The profit function $ P(x) $ is the difference between revenue $ R(x) $ and cost $ C(x) $:

\[
P(x) = R(x) - C(x)
\]

Given:
- $ R(x) = 138.6x - 0.015x^2 $
- $ C(x) = 12,000 + 69.3x - 0.03x^2 + 0.00001x^3 $

Substitute the expressions for $ R(x) $ and $ C(x) $ into the profit function:

\[
P(x) = \left( 138.6x - 0.015x^2 \right) - \left( 12,000 + 69.3x - 0.03x^2 + 0.00001x^3 \right)
\]

Simplify the expression:

\[
P(x) = 138.6x - 0.015x^2 - 12,000 - 69.3x + 0.03x^2 - 0.00001x^3
\]

\[
P(x) = (138.6x - 69.3x) + (-0.015x^2 + 0.03x^2) - 12,000 - 0.00001x^3
\]

\[
P(x) = 69.3x + 0.015x^2 - 12,000 - 0.00001x^3
\]

### Step 2: Find the critical points.
To find the number of units that maximize the profit, we take the derivative of $ P(x) $ with respect to $ x $ and set it equal to zero.

\[
P'(x) = \frac{d}{dx} \left( 69.3x + 0.015x^2 - 12,000 - 0.00001x^3 \right)
\]

\[
P'(x) = 69.3 + 2(0.015)x - 3(0.00001)x^2
\]

\[
P'(x) = 69.3 + 0.03x - 0.00003x^2
\]

Set $ P'(x) = 0 $:

\[
69.3 + 0.03x - 0.00003x^2 = 0
\]

### Step 3: Solve the quadratic equation.
Rearrange the equation:

\[
0.00003x^2 - 0.03x - 69.3 = 0
\]

Multiply through by 100,000 to eliminate the decimals:

\[
3x^2 - 3,000x - 6,930,000 = 0
\]

Now solve this quadratic equation using the quadratic formula:

\[
x = \frac{-(-3,000) \pm \sqrt{(-3,000)^2 - 4(3)(-6,930,000)}}{2(3)}
\]

\[
x = \frac{3,000 \pm \sqrt{9,000,000 + 83,160,000}}{6}
\]

\[
x = \frac{3,000 \pm \sqrt{92,160,000}}{6}
\]

\[
x = \frac{3,000 \pm 9,600}{6}
\]

Thus:

\[
x_1 = \frac{3,000 + 9,600}{6} = \frac{12,600}{6} = 2,100
\]

\[
x_2 = \frac{3,000 - 9,600}{6} = \frac{-6,600}{6} = -1,100
\]

Since the number of units produced must be positive, we choose $ x = 2,100 $.

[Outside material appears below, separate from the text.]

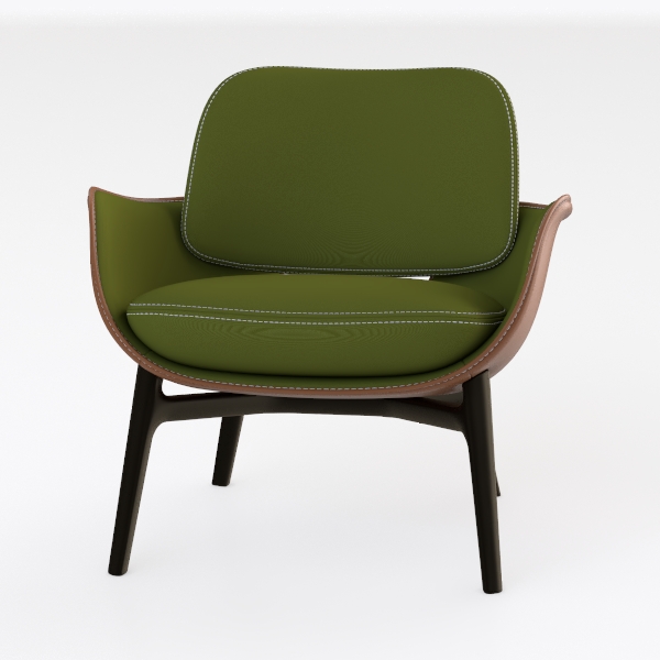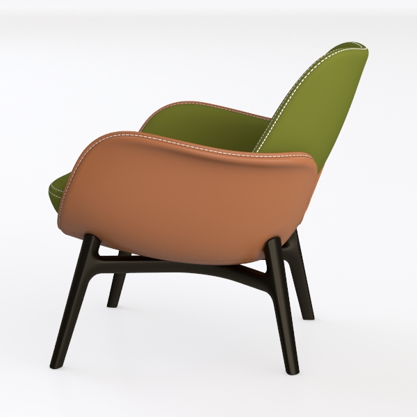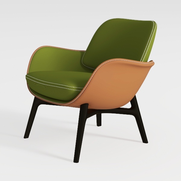 Inspired by the fluid curves of organic forms and mid-century modern minimalism, this armchair merges softness with structured elegance. The vibrant sage green seat, paired with warm terracotta backrest and armrests, creates a striking yet balanced color harmony, while delicate white topstitching traces the edges,5 adding subtle texture that catches the light. Its smooth, contoured upholstery feels surprisingly inviting to the touch—plush, high-resilience cushions cradle the body, and the generous seat depth invites relaxation, making it ideal for long evenings of reading or casual chats. The sleek black wooden legs, angled slightly for stability, ground the piece, balancing its rounded silhouette with a grounded presence.

### Step 4: Verify that this is a maximum.
To confirm that $ x = 2,100 $ gives a maximum profit, we take the second derivative of $ P(x) $:

\[
P''(x) = \frac{d}{dx} \left( 69.3 + 0.03x - 0.00003x^2 \right)
\]

\[
P''(x) = 0.03 - 0.00006x
\]

Substitute $ x = 2,100 $ into $ P''(x) $:

\[
P''(2,100) = 0.03 - 0.00006(2,100) = 0.03 - 0.126 = -0.096
\]

Since $ P''(2,100) < 0 $, the profit is maximized at $ x = 2,100 $.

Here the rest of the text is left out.